## Work order
Could you repeat the listing below exactly while leaving its pictures behind?

## The data
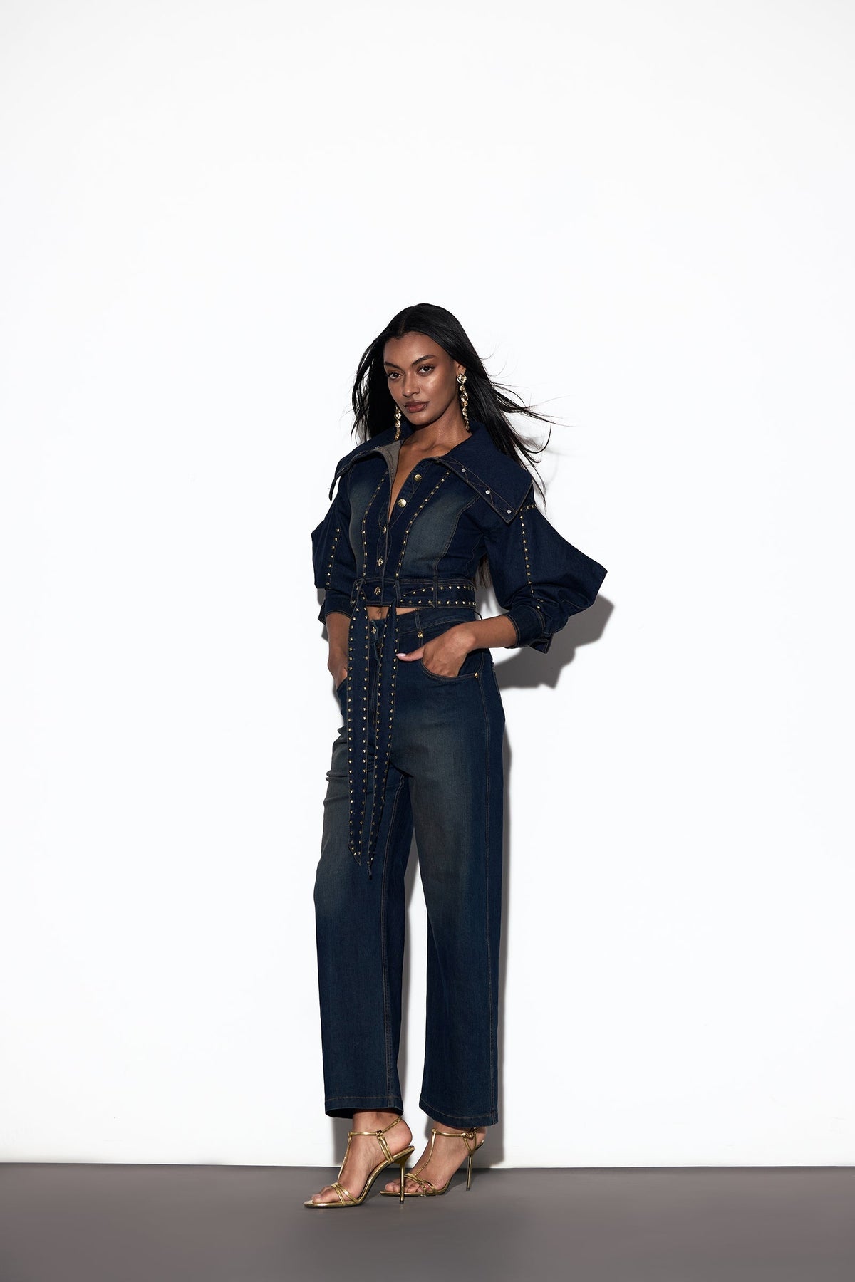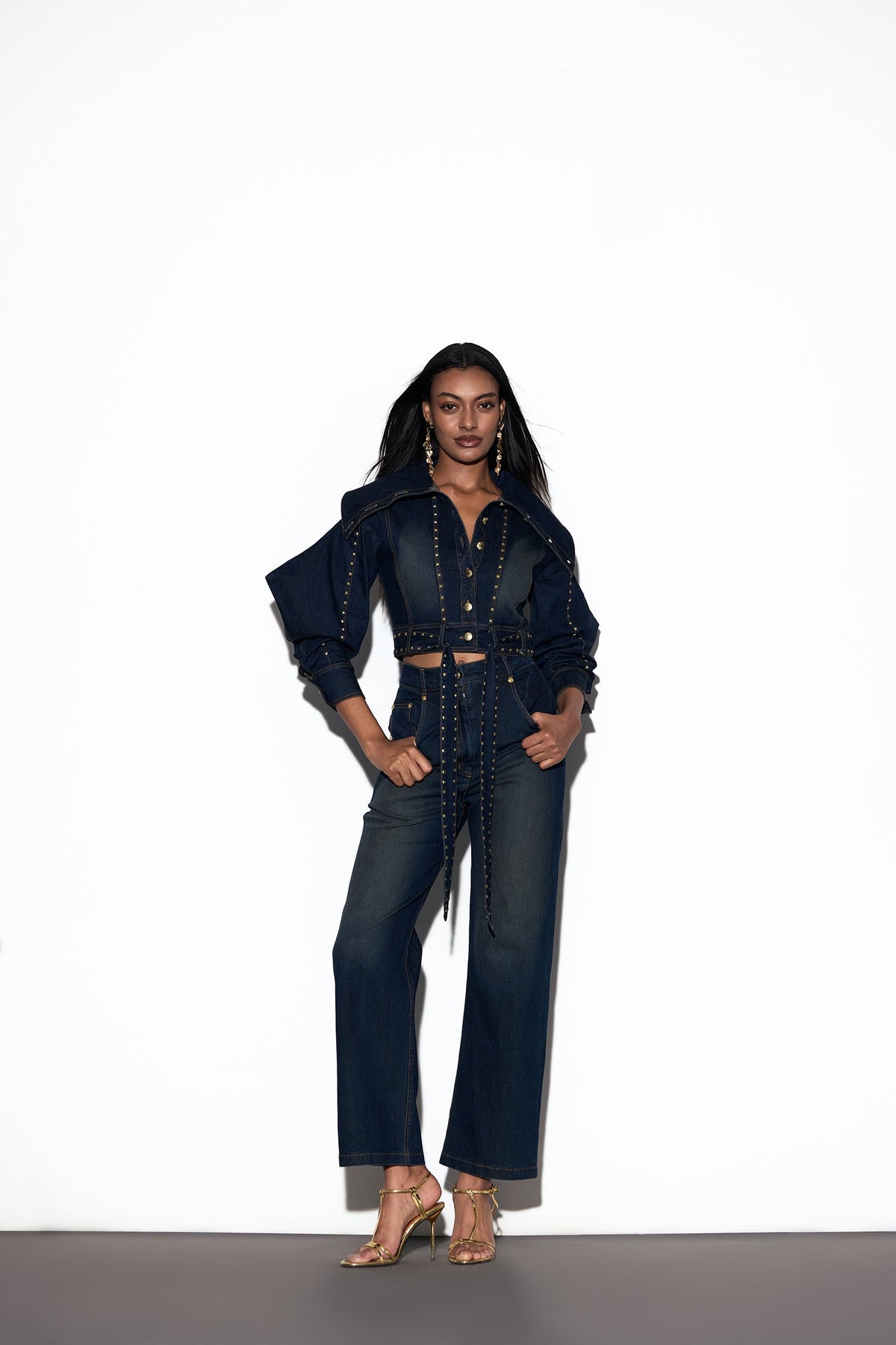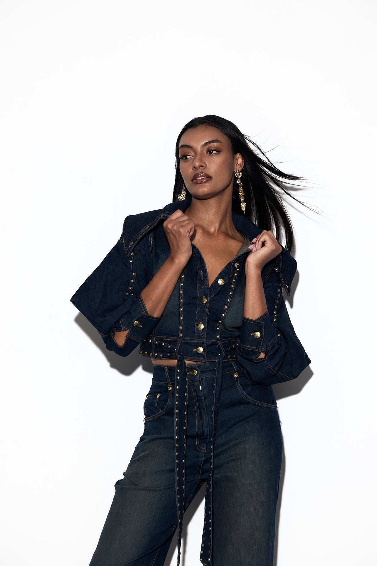 The KOYUKI SET is a statement of power and precision, blending sharp tailoring with modern detail. The jacket features an exaggerated collared neckline and full sleeves with pointed edges, secured with a front button-down closure. An attached belt cinches the waist, while rivets trace the sleeves, front seam, and belt, adding a gleam of strength to its structure. Paired with straight-leg denim trousers designed with a front button and zipper closure, side inseam pockets, and back patch pockets, the look is refined further with golden rivets accenting the pocket edges. Together, the set strikes a perfect balance of confidence, elegance, and understated drama.
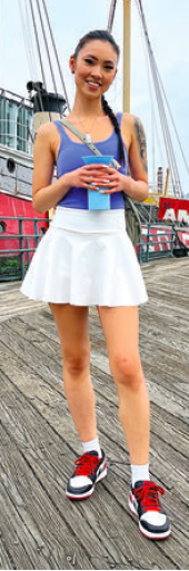つま先部分が黒になった 「ブラック・トウ」 シリーズは2019年を最後にリリースされたが、今夏、ローカットモデルをベースに再リリース。争奪戦が必至のモデルをミニスカートと合わせてスタイリングした。不動の人気を誇る「エア・ジョーダン1」は男女ともに注目されている。
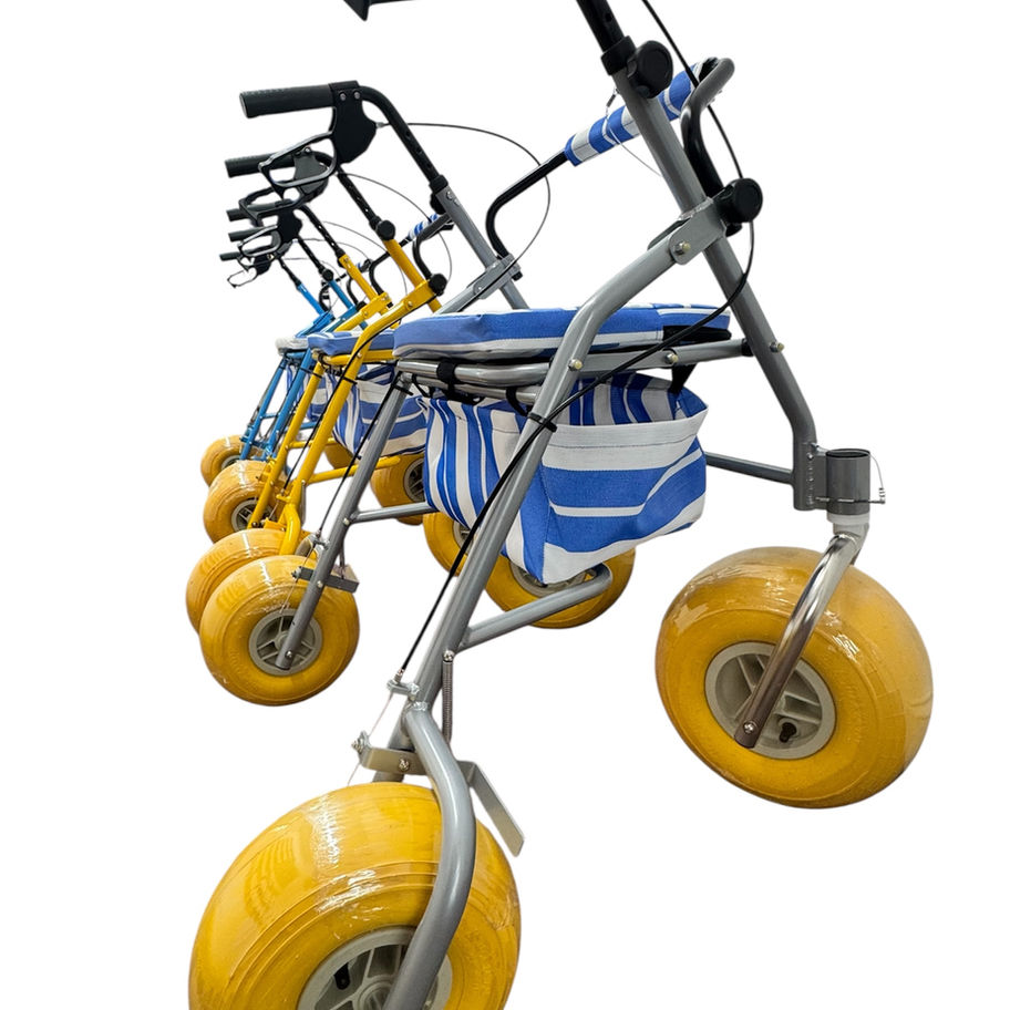 Les roues larges à crampons sont conçues pour répartir le poids de manière plus uniforme, empêchant le déambulateur de s’enfoncer dans le sable mou. Cela assure un mouvement fluide le long des plages ou des sentiers sablonneux. -
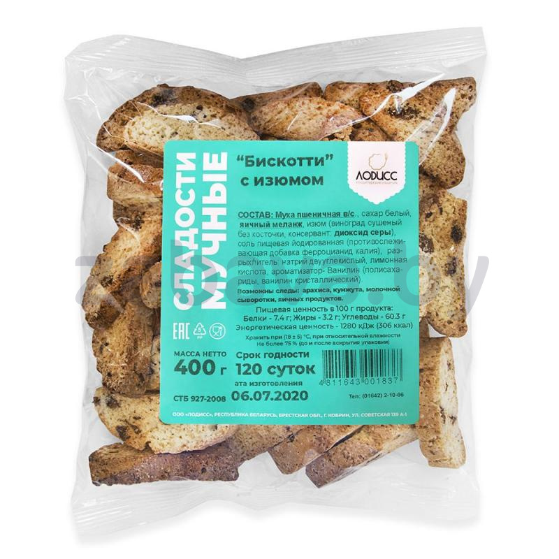 - Сладости «Бискотти», 400 г, с изюмом/дробсами
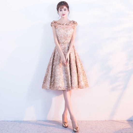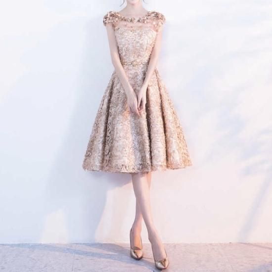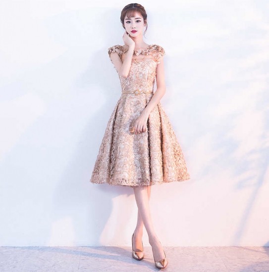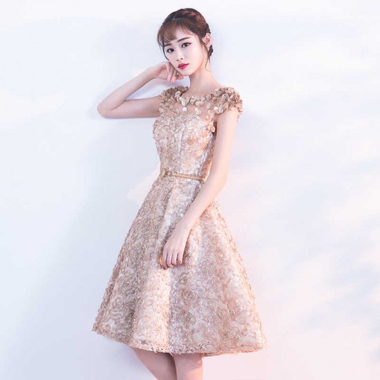 パーティードレス ひざ丈 ワンピース フレンチスリーブ フラワーモチーフ 花びら ゴージャス エレガント 大人 上品 可愛い お呼ばれ drgz2163
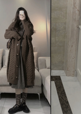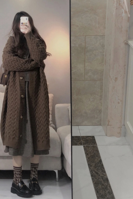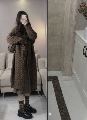實拍毛衣外穿秋冬韓版復古麻花中長款寬鬆V領長袖針織外套女潮
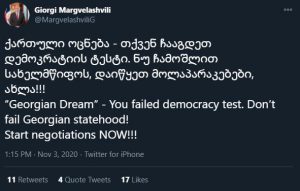 “ქართული ოცნება – თქვენ ჩააგდეთ დემოკრატიის ტესტი. ნუ ჩამოშლით სახელმწიფოს, დაიწყეთ მოლაპარაკებები, ახლა!!!”,-წერს მარგველაშვილი.
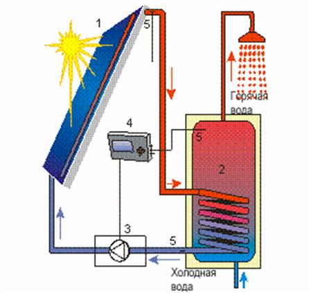 Гелиополе, состоящее из солнечных коллекторов и теплообменник емкости-накопителя соединяются между собой в замкнутую систему, в которой под давлением циркулирует теплоноситель. Коллектора, поглощая солнечную энергию, нагревает теплоноситель, который поступает в теплообменник ёмкости-накопителя, где отдает тепло сетевой воде. Циркуляция теплоносителя происходит за счет работы циркуляционного насоса. Электронный контроллер управляет работой циркуляционного насоса, включая его при достижении необходимой минимальной разности температур в коллекторе и теплообменнике или выключая при отсутствии целесообразности циркуляции.

## Answer below
 The KOYUKI SET is a statement of power and precision, blending sharp tailoring with modern detail. The jacket features an exaggerated collared neckline and full sleeves with pointed edges, secured with a front button-down closure. An attached belt cinches the waist, while rivets trace the sleeves, front seam, and belt, adding a gleam of strength to its structure. Paired with straight-leg denim trousers designed with a front button and zipper closure, side inseam pockets, and back patch pockets, the look is refined further with golden rivets accenting the pocket edges. Together, the set strikes a perfect balance of confidence, elegance, and understated drama.
つま先部分が黒になった 「ブラック・トウ」 シリーズは2019年を最後にリリースされたが、今夏、ローカットモデルをベースに再リリース。争奪戦が必至のモデルをミニスカートと合わせてスタイリングした。不動の人気を誇る「エア・ジョーダン1」は男女ともに注目されている。
 Les roues larges à crampons sont conçues pour répartir le poids de manière plus uniforme, empêchant le déambulateur de s’enfoncer dans le sable mou. Cela assure un mouvement fluide le long des plages ou des sentiers sablonneux. -
 - Сладости «Бискотти», 400 г, с изюмом/дробсами
 パーティードレス ひざ丈 ワンピース フレンチスリーブ フラワーモチーフ 花びら ゴージャス エレガント 大人 上品 可愛い お呼ばれ drgz2163
實拍毛衣外穿秋冬韓版復古麻花中長款寬鬆V領長袖針織外套女潮
 “ქართული ოცნება – თქვენ ჩააგდეთ დემოკრატიის ტესტი. ნუ ჩამოშლით სახელმწიფოს, დაიწყეთ მოლაპარაკებები, ახლა!!!”,-წერს მარგველაშვილი.
 Гелиополе, состоящее из солнечных коллекторов и теплообменник емкости-накопителя соединяются между собой в замкнутую систему, в которой под давлением циркулирует теплоноситель. Коллектора, поглощая солнечную энергию, нагревает теплоноситель, который поступает в теплообменник ёмкости-накопителя, где отдает тепло сетевой воде. Циркуляция теплоносителя происходит за счет работы циркуляционного насоса. Электронный контроллер управляет работой циркуляционного насоса, включая его при достижении необходимой минимальной разности температур в коллекторе и теплообменнике или выключая при отсутствии целесообразности циркуляции.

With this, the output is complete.